SofieVG / FlowSOM

Using self-organizing maps for visualization and interpretation of cytometry data
61 stars 26 forks source link

Is the integer cast in abs() really intended? #42

Closed LTLA closed 3 years ago

LTLA commented 3 years ago

For various reasons, I am writing a C++ implementation of som.c, and I noticed

https://github.com/SofieVG/FlowSOM/blob/6f79b8b7afa1f2996dbeae4292bbbfb93e92b3a1/src/som.c#L133-L134

tmp is double-precision but abs() takes integer arguments. This call will truncate tmp to integer before actually computing the absolute difference. Nothing will be added to change if all tmp lie in (-1, 1). As it stands now, the iterations will terminate if all tmp have absolute values less than 1. Is this intentional? Did you mean to use fabs() instead?

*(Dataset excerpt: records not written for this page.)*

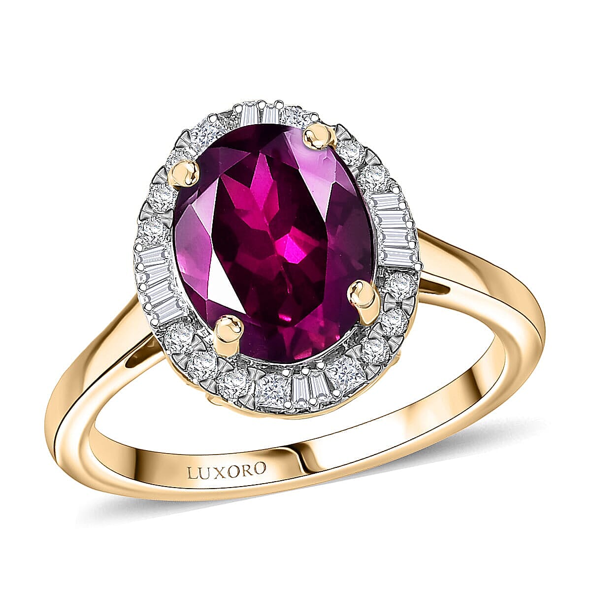 Doorbuster Certified & Appraised Luxoro AAA Radiant Ember Garnet and G-H I2 Diamond 3.30 ctw Halo Ring in 10K Yellow Gold (Size 11.0)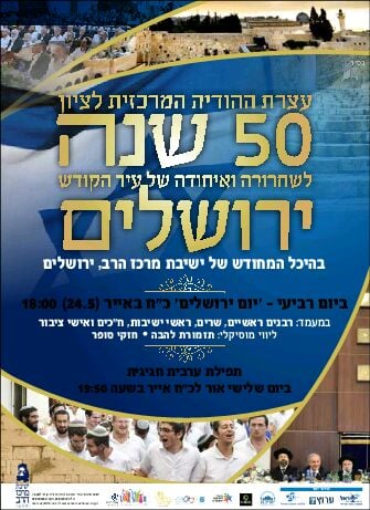 אירועי יום ירושלים לציבור הדתי תשע"ז – יובל לאיחוד העיר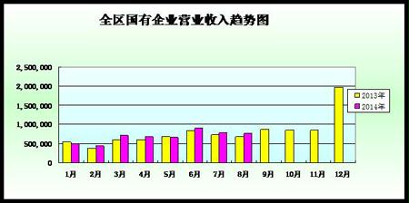 2014年(nian)1-8月(yue),新疆國有企(qi)業(ye)累計實現(xian)營業(ye)收(shou)入541.94億(yi)(yi)元(yuan),同比(bi)增(zeng)(zeng)加66.40億(yi)(yi)元(yuan),增(zeng)(zeng)長14.0%;成本費用總(zong)額555.82億(yi)(yi)元(yuan),同比(bi)增(zeng)(zeng)加84.58億(yi)(yi)元(yuan),增(zeng)(zeng)長17.8%;實現(xian)利潤總(zong)額26.12億(yi)(yi)元(yuan),同比(bi)減少9.36億(yi)(yi)元(yuan),下降26.4%;上交(jiao)稅費32.69億(yi)(yi)元(yuan),同比(bi)增(zeng)(zeng)加3.15億(yi)(yi)元(yuan),增(zeng)(zeng)長10.6%。

Regardless, I don't understand the motivation behind the stop condition of change < 1. A threshold of 1 seems pretty arbitrary when the scale of the input data could be anything. Why not just terminate when the change in the code coordinates drops below a certain level (e.g., defined as some small fraction of the standard deviation across codes)?

SamGG commented 3 years ago

Interesting point. I don't think there is such a stop condition in the implementation of the kohonen package. https://github.com/rwehrens/kohonen/blob/28eb3599bdc423e94a4a1e09310ffd9de667ead8/kohonen/src/supersom.cpp#L93-L173

SofieVG commented 3 years ago

Dear @LTLA,

This integer cast was indeed not intended and has already been changed to fabs() on my local installation. Apparently that update hasn't made it to this github yet, but I will update soon.

The idea behind the change parameter is indeed to check for convergence, but I agree that the value 1 can be kind of arbitrary, especially when the package is getting wider use. I think we choose this value back then because it made sense for the datasets we were working with at the time. I'll consider updating this in the future, either at least make it a parameter, or indeed, as you are suggesting, computing it based on the data range itself.

Kind regards, Sofie

LTLA commented 3 years ago

Okay, good to see that it's fixed.